*Data shown:*
----------------------------------------
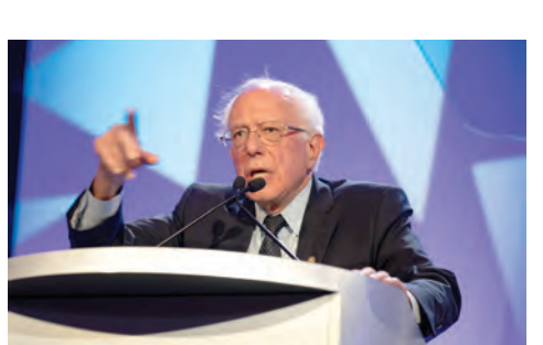
LEFT: Sen. Bernie Sanders addresses 2019 NABJ Convention in Miami. BELOW: Mayor Pete Buttigieg speaks with reporting students.
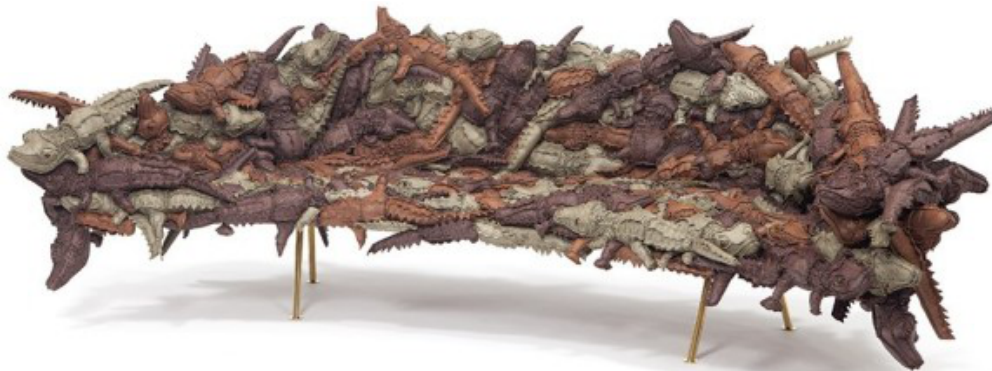
Alligator Sofa

The consanguineous design duo known as the Campana Brothers grew up in a small town of Brazil, which undoubtedly influenced their unique perspective that catapulted the designers to international recognition in the 1990s. Humberto and Fernando Campana found their niche through a process that was born out of necessity at first, and now takes on a broader historical and social implication. The brothers recently exhibited their first solo US-exhibition, on view now at Friedman Benda Gallery in New York.
----------------------------------------
*What to produce:* Each line of the data above should be reproduced without alteration, and no picture should appear in the copy.

*Output of the exercise:*
LEFT: Sen. Bernie Sanders addresses 2019 NABJ Convention in Miami. BELOW: Mayor Pete Buttigieg speaks with reporting students.
Alligator Sofa

The consanguineous design duo known as the Campana Brothers grew up in a small town of Brazil, which undoubtedly influenced their unique perspective that catapulted the designers to international recognition in the 1990s. Humberto and Fernando Campana found their niche through a process that was born out of necessity at first, and now takes on a broader historical and social implication. The brothers recently exhibited their first solo US-exhibition, on view now at Friedman Benda Gallery in New York.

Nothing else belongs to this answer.